Requirement. In the copy, include no pictures. Reproduce the rest of the entries exactly.

Extracted material: Begin

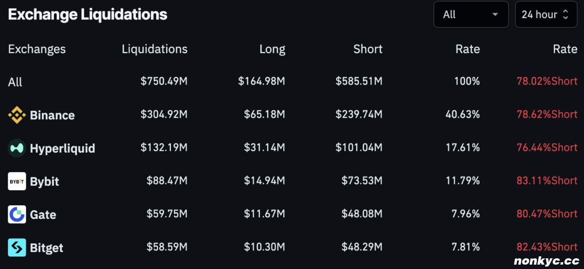 CoinGlass数据显示,过去24小时内有超过164,835名交易者被强制平仓,总损失高达7.4781亿美元。其中,单笔损失最大的一笔来自Hyperliquid平台上的BTC /USD交易,金额高达1575万美元。
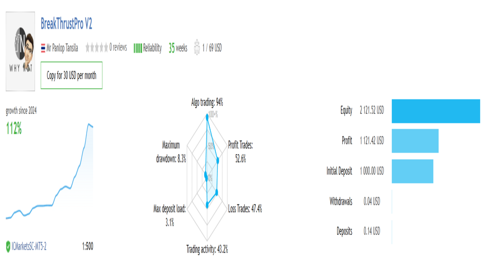 Breakthrust EA delivers strong and consistent results. Since it doesn’t use martingale, it’s a safer and more sustainable trading approach. The developer actively improves the EA with regular updates and provides great support when needed. A reliable and profitable system overall.
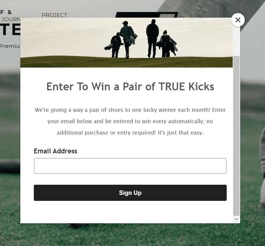 Incorporating images into the pop-up will also draw attention. It’s a good idea to include images of people wearing or using your products as that will help humanize online brand presence and encourage visitors to imagine themselves as a customer. If there isn’t space to include images within a pop-up you can consider experimenting with the shape itself. Most pop-ups are squares or rectangles that align with the website design. However, an unusual shape can really stand out. This example from Yieldify uses fading and layers to create a striking 3D effect to their pop-up.
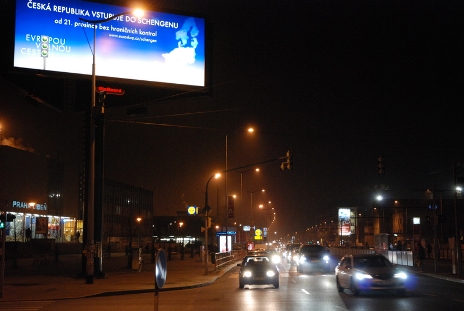 圖為捷克首都布拉格北面通向德國(guó)方向的交通要道一個(gè)路口上矗立的巨大廣告牌。設(shè)計(jì)者把捷文“穿行歐洲之路暢通無(wú)阻” 三個(gè)單詞中的字母“O” 巧妙地變成交通信號(hào)燈,而且三盞燈全是綠燈,喜悅之情躍然牌上。(黃頻)
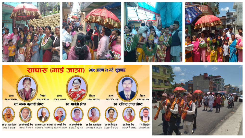 बुटवल । आफ्ना १२ जना सदस्यहरुको मृत्यु भएको स्मरणमा नेवाः सेवा समिति बुटवलले गाईजात्रा (सापारु) लिकालिएको छ । यस वर्ष बितेका समितिका १२ जना सदस्यहरुको स्मरणमा समितिको अगुवाईमा गाईजात्रा निकालिएको छ ।
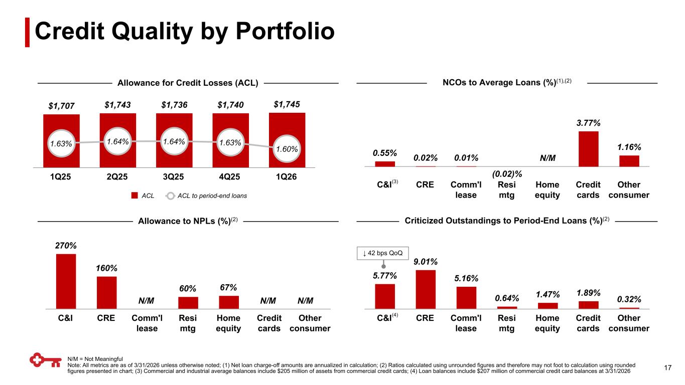 Hedging Strategy Opportunity 16 ending balances, $ in billions 3.4% 3.4% 3.4% 3.5% 3.5% 3.7% 2Q26 3Q26 4Q26 YE26 YE27 $2.2 $2.2 $1.9 $6.3 $10.7 3.0% 2.8% 2.7% 2.8% 3.0% W.A. receive- fixed rate Maturing swaps ($Bn) W.A. receive-fixed rate Receive-fixed asset swaps(1) (1) Portfolio as of 3/31/2026; (2) AFS securities swapped to floating rate 3/31/2026 Debt hedges $9.4 Securities hedges(2) $10.6 Floor spreads $0.5 Other Hedge Positions ▪ Executed $3.0Bn of spot-starting receive-fixed swaps in 1Q26 with a W.A. receive rate of 3.4% and average maturity of 2.8 years 1Q26 ALM Hedge Actions ▪ There were no forward-starting cash flow hedges as of 1Q26 Forward Starting Swaps as of 3/31

Extracted material: End

Response for this exercise.
 CoinGlass数据显示,过去24小时内有超过164,835名交易者被强制平仓,总损失高达7.4781亿美元。其中,单笔损失最大的一笔来自Hyperliquid平台上的BTC /USD交易,金额高达1575万美元。
 Breakthrust EA delivers strong and consistent results. Since it doesn’t use martingale, it’s a safer and more sustainable trading approach. The developer actively improves the EA with regular updates and provides great support when needed. A reliable and profitable system overall.
 Incorporating images into the pop-up will also draw attention. It’s a good idea to include images of people wearing or using your products as that will help humanize online brand presence and encourage visitors to imagine themselves as a customer. If there isn’t space to include images within a pop-up you can consider experimenting with the shape itself. Most pop-ups are squares or rectangles that align with the website design. However, an unusual shape can really stand out. This example from Yieldify uses fading and layers to create a striking 3D effect to their pop-up.
 圖為捷克首都布拉格北面通向德國(guó)方向的交通要道一個(gè)路口上矗立的巨大廣告牌。設(shè)計(jì)者把捷文“穿行歐洲之路暢通無(wú)阻” 三個(gè)單詞中的字母“O” 巧妙地變成交通信號(hào)燈,而且三盞燈全是綠燈,喜悅之情躍然牌上。(黃頻)
 बुटवल । आफ्ना १२ जना सदस्यहरुको मृत्यु भएको स्मरणमा नेवाः सेवा समिति बुटवलले गाईजात्रा (सापारु) लिकालिएको छ । यस वर्ष बितेका समितिका १२ जना सदस्यहरुको स्मरणमा समितिको अगुवाईमा गाईजात्रा निकालिएको छ ।
 Hedging Strategy Opportunity 16 ending balances, $ in billions 3.4% 3.4% 3.4% 3.5% 3.5% 3.7% 2Q26 3Q26 4Q26 YE26 YE27 $2.2 $2.2 $1.9 $6.3 $10.7 3.0% 2.8% 2.7% 2.8% 3.0% W.A. receive- fixed rate Maturing swaps ($Bn) W.A. receive-fixed rate Receive-fixed asset swaps(1) (1) Portfolio as of 3/31/2026; (2) AFS securities swapped to floating rate 3/31/2026 Debt hedges $9.4 Securities hedges(2) $10.6 Floor spreads $0.5 Other Hedge Positions ▪ Executed $3.0Bn of spot-starting receive-fixed swaps in 1Q26 with a W.A. receive rate of 3.4% and average maturity of 2.8 years 1Q26 ALM Hedge Actions ▪ There were no forward-starting cash flow hedges as of 1Q26 Forward Starting Swaps as of 3/31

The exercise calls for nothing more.